In the woods of Townshend State Park, forest protection specialist Jim Esden is girdling an ash tree. With its flow of nutrients interrupted, the tree will die within a year. But the sacrifice could help detect the presence of the tiny beetle that could kill many more ash trees: the emerald ash borer.
Esden says the insects also girdle the trees, by tunneling beneath the bark.
"The female will lay her eggs in the crevices of the bark," he explains. :The larva will emerge from the egg and eat through the bark and eat through the cambium and phloem layer. It only takes two to four years for an infested tree to die."

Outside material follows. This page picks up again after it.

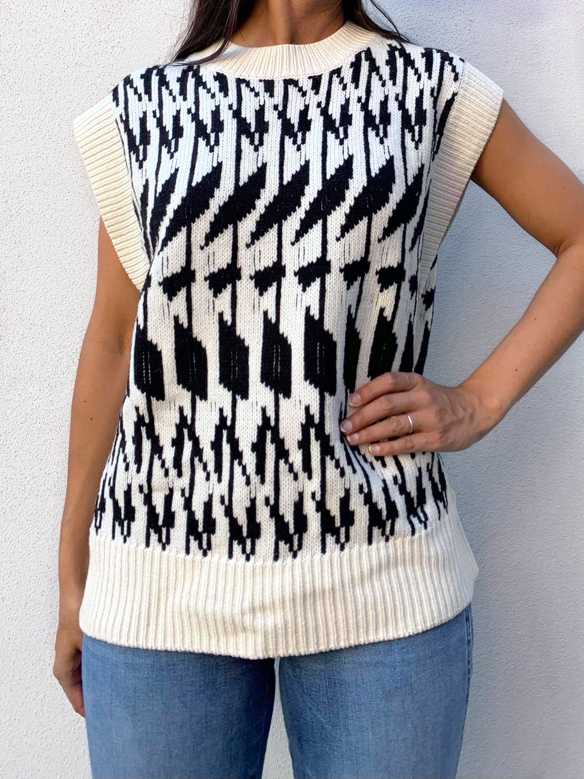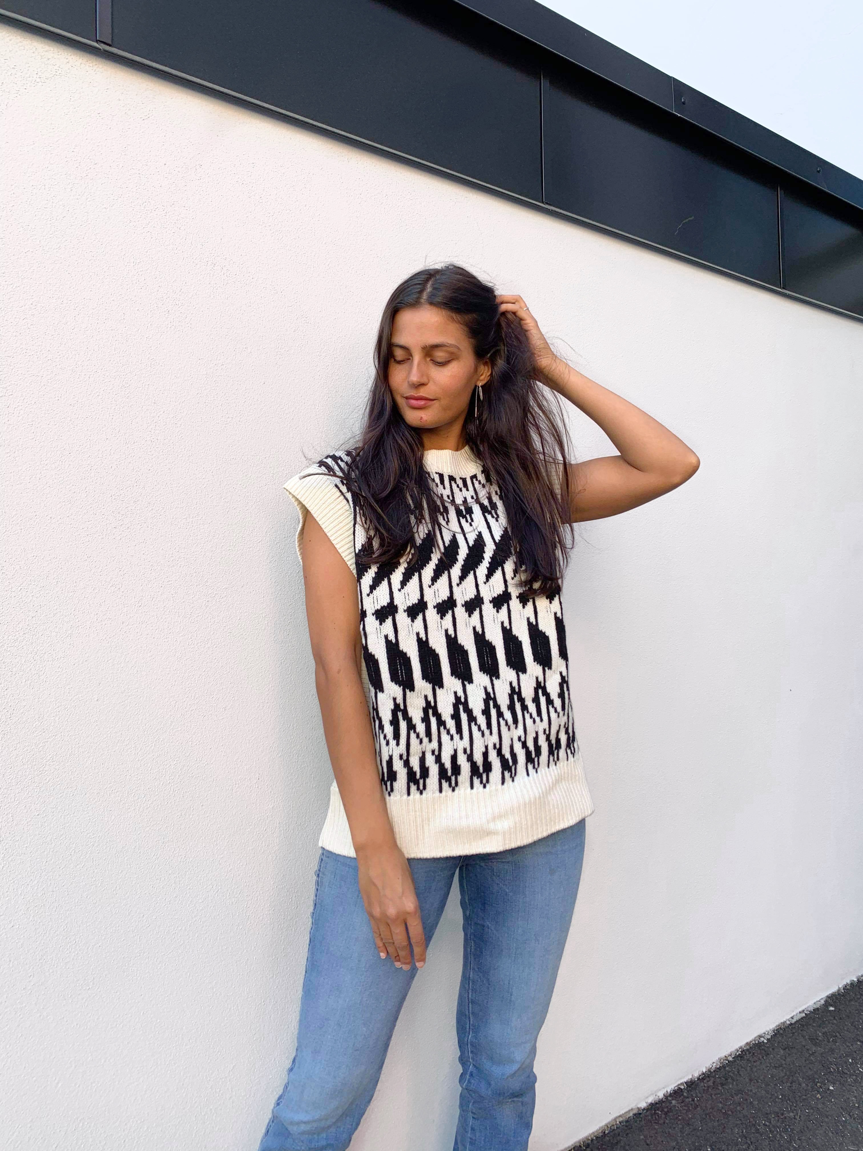 «Sawyer vest FR» fra det norske merke Iben er en nydelig strikket vest i kult mønster. Vesten har rund hals. Normal i størrelsen.

Esden makes a shallow cut with his bow saw around the tree’s circumference.
"And then about eight inches down we’ll do that again," he says. With a draw knife, he scrapes away the bark between the two saw lines. He says the dying tree will give off volatile oils that attract the iridescent green insect in its flying stage.
"And if there is emerald ash borer in the area, we hope that it will be attracted to this tree," Esden says. "They’ll lay their eggs and before the hatched out larva can mature and leave this tree, we’ll cut it down and peel the bark off to look for those larvae."
The emerald ash borer was first detected in this country in Detroit in 2002. Scientists think it came from Asia in packing materials.
"We wanted to alert people that the emerald ash borer is on its way to Vermont...so that we can make plans to contain it when it gets here." - Betsy Whittaker, Dummerston Conservation Commission
So far early detection is the only realistic defense against the fast-moving pest, which is already killing trees on all sides of Vermont's borders. Esden says chemical treatments can sometimes help individual trees on lawns or in parks survive an infestation. But the treatments aren’t a practical solution in a state that has roughly 160 million ash trees.
Scientists are searching for a way to combat the infestations. But Esden says that’s going to take time.
"So our strategy in Vermont is not to eradicate, but simply slow down the spread of emerald ash borer," he says. "And that’s where citizen scientists are being so helpful."
Hundreds of volunteers have joined the effort to detect and contain the emerald ash borer and other pests that are threatening Vermont’s woods, including the hemlock woolly adelgid and the maple-loving Asian long-horned beetle.
On a recent Saturday a dozen volunteers were in Wilmington for the Forest Pest First Detector training. The program is by UVM Extension and several state and federal agencies. Volunteers learn how to recognize the pests in their adult and larval stages. They leave equipped with educational materials and handouts to alert their neighbors to the threat.
Betsy Whittaker attended the Wilmington training. Whittaker is a member of the Dummerston Conservation Commission, which had a small grant last year to map the town’s prominent ash trees.
"We presented our map to the select board and posted it in the town offices," Whittaker says. "We also talked with the town road crew and the tree warden. We wanted to alert people that the emerald ash borer is on its way -- if it's not already here -- so that we can make plans to contain it when it gets here."
One of the best containment strategies is to restrict the movement of wood. Forest pests often enter a region on firewood brought into campgrounds and vacation homes.
Whittaker has been visiting all the camping areas in her town. She’s aware of the dire predictions, that the ash tree will go the way of the chestnut and the elm. But she’s hopeful that won’t happen. And she says that when the ash borer is spotted in Vermont, it will be a volunteer who makes the discovery.